For the 2001-02 academic year, the schools' average "sticker price" was $33,831, yet the average amount paid by students who received financial aid was less than half (47 percent) of that amount—$16,058. On average, aided students at coed colleges paid slightly less than those at universities and women's colleges—$14,726, or 44 percent of the sticker price, for the year.
The study also showed that the lower the students' family income, the smaller percentage of the sticker price the students paid. Students in the lowest income quintile, which had a median annual family income of $15,347, paid an average of only $7,552 (22 percent of the sticker price) for the 2001-02 academic year. Those in the middle family-income quintile (median annual income of $50,890) paid $11,557 (34 percent of the sticker price), and those in the highest family-income quintile (median annual income of $113,689) paid $23,690 (70 percent of the sticker price).
At one school, students in the lowest family-income quintile paid an average of only $796, or 2.5 percent of the sticker price, for the 2001-02 academic year.
Although students in the lowest family-income quintile on average paid only 22 percent of the schools' median sticker prices, that group spent nearly half (49 percent) of their annual family income for one year at an elite college or university. In contrast, students in the other four family-income groups spent an average of between 21 percent and 26 percent of their annual family incomes for one year.
Further analysis of data from 10 of the 28 schools showed that the average net price paid as a share of family income dropped considerably for the lowest income group over a five-year period—from 70 percent in the 1998–99 academic year to 49 percent in 2002–03. At those 10 schools, net price as a share of family income remained fairly stable for students in the other four family-income groups.
"The kids in the bottom quintile are getting a significant price reduction, but relative to their family income, it's not nearly the price reduction that other kids are getting," Winston says. "It's really encouraging, though, that among these expensive, elite schools, the proportion of family income paid is falling precipitously for low-income students."

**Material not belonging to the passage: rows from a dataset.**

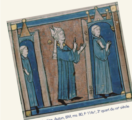
Décret de Gratien, Autun, BM, ms. 80, f° 114v, 3 e quart du xiv e siècle.

10-12 mai 2017 Université Grenoble Alpes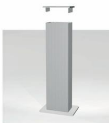
6) Inserire il Top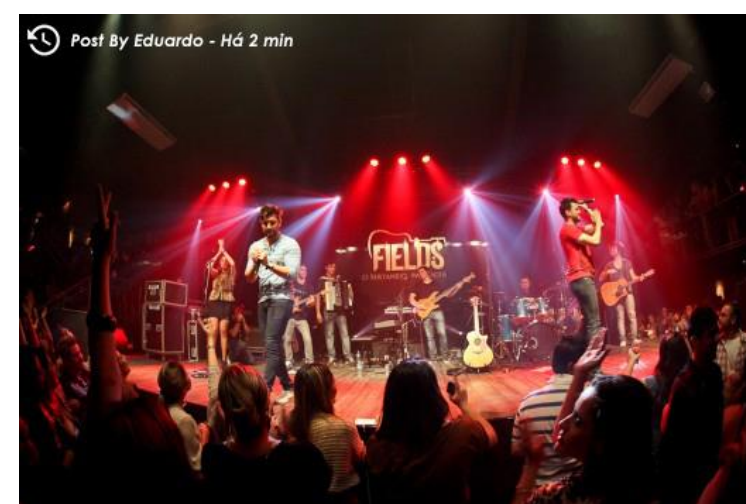
Figura 1: Publicação em tempo real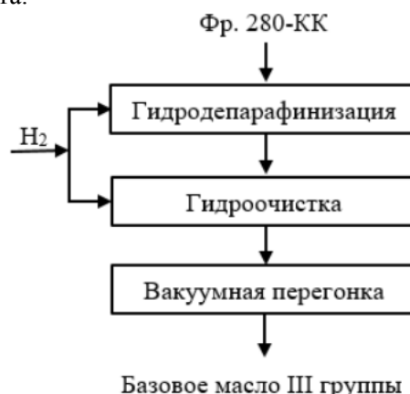
Рисунок 3 – Схема производства базового масла III группы на Ангарском НПЗ

зарубежных перерабатывают намного меньше сырья в производстве масел и смазочных материалов, что напрямую влияет на объемы производимой готовой продукции и не позволяет расширить объемы и рынки сбыта.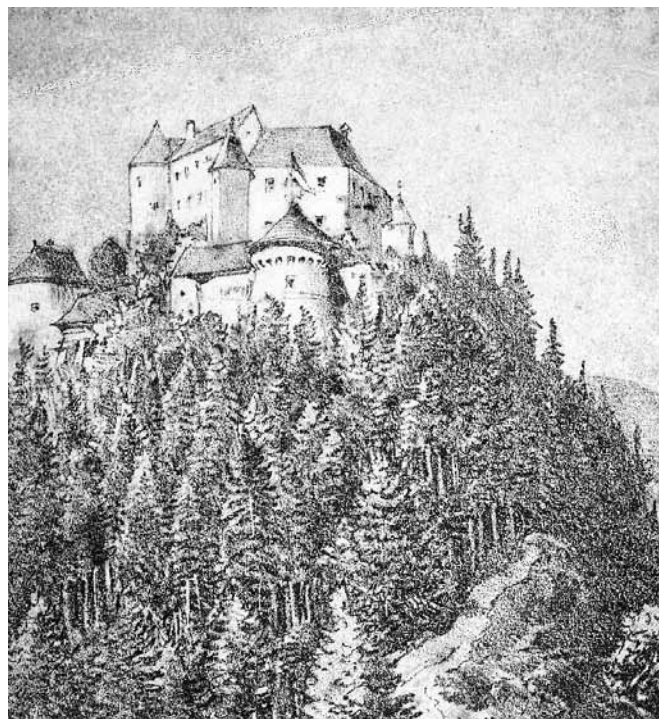
Dvorac Velenje krajem 19. stoljeća (Privatna zbirka baruna Adamovića de Csepin, Zagreb)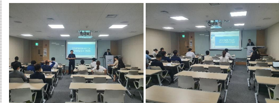
△ 안전보건담당자 간담회 (‘19.9.18.)

9월 18일 안전보건담당자 간담회가 개최되었습니다. 우리 회사 안전·보건 관리 계획의 수립·시행 등에 대한 실무담당자 간 소통의 자리로 안전보건그룹, 사업소별 안전보건담당자, 직무대행자 분들께서 참석해 주셨습니다. 간담회는 간담회 정의 및 운영 방안 설명, 건강 검진 관련 전체적인 진행 상황 설명, 본사 추진계획서 설명, 안전·보건 담당자와 고충 및 관련 업무 토론으로 이루어졌습니다. 안전보건담당자 간담회를 통해 우리 회사 안전·보건 조직이 더욱 발전하기를 기대하겠습니다.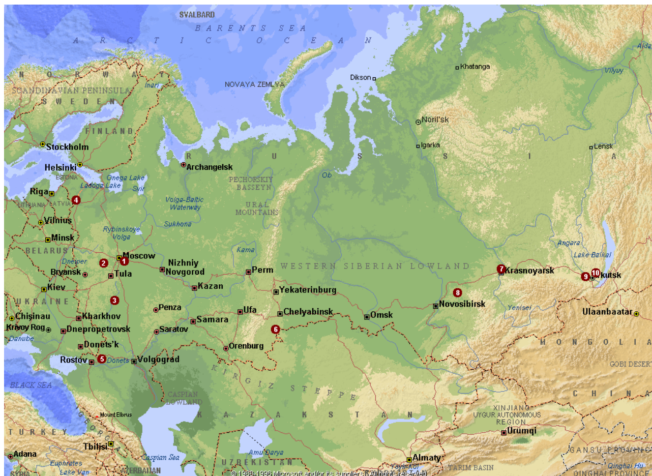
Рисунок 2. Расположение месторождений керамического сырья в России

1 – XXXXXXXXXXXXXXXX, 2 – XXXXXXXXXXXXXXXX, 3 – XXXXXXXXXXXXXXXX, 4 – XXXXXXXXXXXX, 5 – XXXXXXXXXXXXXXXX, 6 – XXXXXXXX, 7 – XXXXXXXXXXXX, 8 – XXXXXXXXXXXXXXXX, 9 – XXXXXXXXXXXXXXXX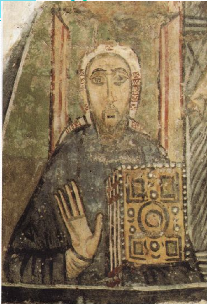
Святой Кирилл. Фреска церкви Святого Климента. IX в. Рим

Родиной братьев Константина (так звали святого Кирилла до принятия им монашества) и Мефодия была Македонская область Византии, а именно главный город области — Фессалоники, или по-славянски Солунь. Отец будущих просветителей славянских народов принадлежал к высшему слою византийского общества. Мефодий был старшим, а Константин младшим из семи его сыновей. Год рождения каждого из братьев точно неизвестен. Исследователи относят год рождения Мефодия ко второму десятилетию IX века.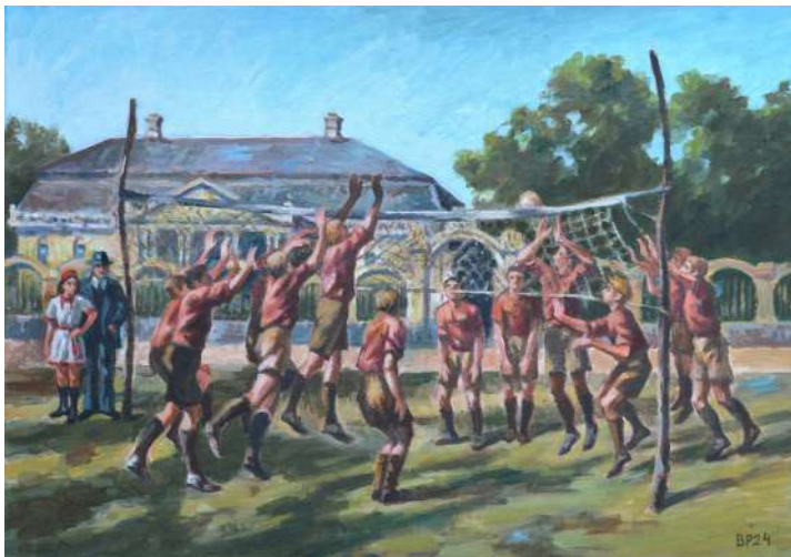
Doka Duñerski sa sokolima odbojkašima Kulpina (1937) , ulje na platnu, 70 x 50 cm, 2024.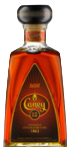
12 Años Seite 22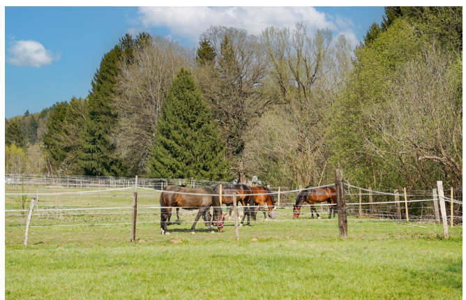
Reiten in Hart bei Graz

Alle weiteren Angebote finden Sie direkt auf der Gemeindegewebseite: www.hartbeigraz.at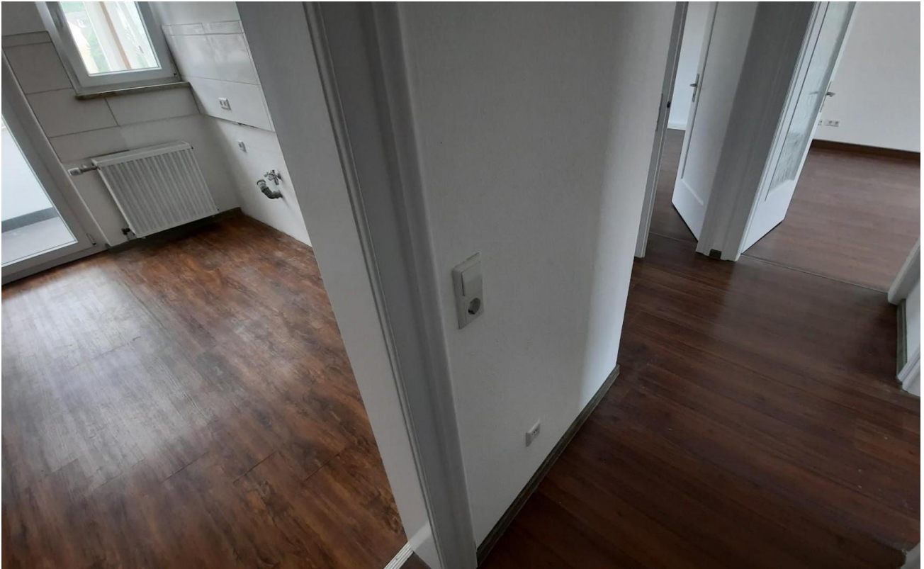
Flur Zugang zu allen Räumen

Winston attributes this affordability to the increasing commitment of leading private colleges and universities to offer "equality of opportunity" by opening their doors to academically qualified students, regardless of family income.
"These wealthy schools are manifesting what they see as a very basic social obligation—to make a superb education available to high-ability kids from poor families," he explains.
Winston and co-authors Catherine B. Hill, Ph.D., and Stephanie A. Boyd, also with Williams College, point out that the admission standards at the colleges and universities they studied are among the most demanding in the country, and few students—whether rich or poor—are able to meet them.
Nevertheless, Winston suggests, "We need to get the message across that these schools are accessible and affordable. If you want to go to Harvard, give it a try. If you can get in, low income is not going to keep you out."
The study results can be found in the Fall 2005 issue of the Journal
of Human Resources, published by the University of Wisconsin Press.